I’ve joined Team World Vision!!!
I’d been looking on their website for some time, and finally just decided to commit to running a 1/2 marathon to raise money to help change lives in Africa.
God hasn’t released me yet to “GO” for Him internationally, He’s still preparing me for that… but that doesn’t mean I can’t do something right where He’s planted me now. I confess, that often I used to get discouraged because I wasn’t ‘out there’, where I really desire to be – serving the poor, needy, orphaned, widows, forgotten, and unloved in third world countries. Man, I’m the type that REALLY wants to get down and dirty, be used by God, serve Him by serving and loving people, and spreading His love to everyone – wash some people’s feet. So if I wasn’t ‘out there’ I’d feel like I wasn’t doing ANYTHING for God… we all know that this means my focus was not on GOD, but on me – can you say, self-centered? Now, there isn’t anything wrong with desiring to be used by God… but if I got so discouraged and frustrated, was I following God really, or just the legend in my own mind of what I THINK God wants me to do? Obedience and surrendering to His will were both not part of my vocabulary at that point.

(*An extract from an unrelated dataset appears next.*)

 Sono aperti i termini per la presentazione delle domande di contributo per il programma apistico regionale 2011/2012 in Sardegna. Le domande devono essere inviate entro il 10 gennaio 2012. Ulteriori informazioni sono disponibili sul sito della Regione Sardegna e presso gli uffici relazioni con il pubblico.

He still has to slow me down and bring me back into His arms when I get overzealous for something He hasn’t released me yet to do… and I wouldn’t really have it any other way. Although I desire to do some major work for God and to really spread His love around, I would never want to run ahead of Him or forfeit a closer relationship with Him to do the ‘side-works’ that look “Christian” and serving.
Now all has been heard;
here is the conclusion of the matter:
Fear God and keep his commandments,
for this is the duty of all mankind.
For God will bring every deed into judgment,
including every hidden thing,
whether it is good or evil.
Yet, on the other hand, I cannot be stagnant… sit around and do nothing for the kingdom of God. I have been in this position as well, and God is not pleased with me when I do that either.
What good is it, my brothers and sisters, if someone claims to have faith but has no deeds? Can such faith save them? Suppose a brother or a sister is without clothes and daily food. If one of you says to them, “Go in peace; keep warm and well fed,” but does nothing about their physical needs, what good is it? In the same way, faith by itself, if it is not accompanied by action, is dead.

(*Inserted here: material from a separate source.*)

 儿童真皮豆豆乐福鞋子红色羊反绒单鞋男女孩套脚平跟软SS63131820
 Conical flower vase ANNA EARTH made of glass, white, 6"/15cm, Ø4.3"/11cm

But someone will say, “You have faith; I have deeds.”
Show me your faith without deeds, and I will show you my faith by my deeds. You believe that there is one God. Good! Even the demons believe that—and shudder.
You foolish person, do you want evidence that faith without deeds is useless? Was not our father Abraham considered righteous for what he did when he offered his son Isaac on the altar? You see that his faith and his actions were working together, and his faith was made complete by what he did. And the scripture was fulfilled that says, “Abraham believed God, and it was credited to him as righteousness,” and he was called God’s friend. You see that a person is considered righteous by what they do and not by faith alone.

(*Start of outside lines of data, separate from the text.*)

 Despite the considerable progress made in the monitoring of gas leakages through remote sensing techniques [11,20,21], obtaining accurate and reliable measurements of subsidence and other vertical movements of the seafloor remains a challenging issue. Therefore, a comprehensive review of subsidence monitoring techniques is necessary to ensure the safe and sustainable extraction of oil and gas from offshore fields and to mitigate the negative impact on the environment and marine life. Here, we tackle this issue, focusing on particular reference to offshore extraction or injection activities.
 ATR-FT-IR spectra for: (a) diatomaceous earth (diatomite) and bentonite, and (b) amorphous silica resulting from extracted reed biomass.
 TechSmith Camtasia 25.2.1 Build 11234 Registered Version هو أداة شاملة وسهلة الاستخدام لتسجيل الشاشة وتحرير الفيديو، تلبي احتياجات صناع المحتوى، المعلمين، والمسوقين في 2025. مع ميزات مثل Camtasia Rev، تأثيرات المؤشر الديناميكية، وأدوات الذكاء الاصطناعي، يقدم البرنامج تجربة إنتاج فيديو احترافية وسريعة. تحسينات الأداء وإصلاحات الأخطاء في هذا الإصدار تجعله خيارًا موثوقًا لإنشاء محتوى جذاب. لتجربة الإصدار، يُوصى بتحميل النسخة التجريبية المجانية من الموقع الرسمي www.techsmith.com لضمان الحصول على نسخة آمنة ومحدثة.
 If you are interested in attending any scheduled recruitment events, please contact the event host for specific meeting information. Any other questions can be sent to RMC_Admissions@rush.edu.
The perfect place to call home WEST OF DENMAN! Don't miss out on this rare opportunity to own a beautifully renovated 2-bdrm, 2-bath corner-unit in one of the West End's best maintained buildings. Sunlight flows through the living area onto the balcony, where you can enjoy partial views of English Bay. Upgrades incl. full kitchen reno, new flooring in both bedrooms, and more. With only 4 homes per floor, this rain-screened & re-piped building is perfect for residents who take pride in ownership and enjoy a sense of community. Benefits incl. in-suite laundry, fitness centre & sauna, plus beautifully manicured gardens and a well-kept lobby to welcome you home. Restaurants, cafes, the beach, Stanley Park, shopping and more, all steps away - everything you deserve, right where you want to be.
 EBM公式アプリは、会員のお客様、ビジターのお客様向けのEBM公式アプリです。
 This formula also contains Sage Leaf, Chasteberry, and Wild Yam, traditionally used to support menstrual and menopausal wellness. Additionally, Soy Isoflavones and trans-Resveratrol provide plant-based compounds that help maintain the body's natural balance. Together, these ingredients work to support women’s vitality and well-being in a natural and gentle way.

In the same way, was not even Rahab the prostitute considered righteous for what she did when she gave lodging to the spies and sent them off in a different direction? As the body without the spirit is dead, so faith without deeds is dead.
So, combining my love for Christ and Africa and my desire to serve in some capacity – running a 1/2 marathon was a good place to start.
I’m only on Day 3 of my training. I’ve never run more than 4 miles before at once, so 13.1 is going to be enough of a challenge that I’ll have to push myself and train. I have a little more than 5 months to go until my event date (which I’ll be registering for pretty soon). I have the countdown timer on here.
I’m not expressing myself very well today, on why I joined Team World Vision.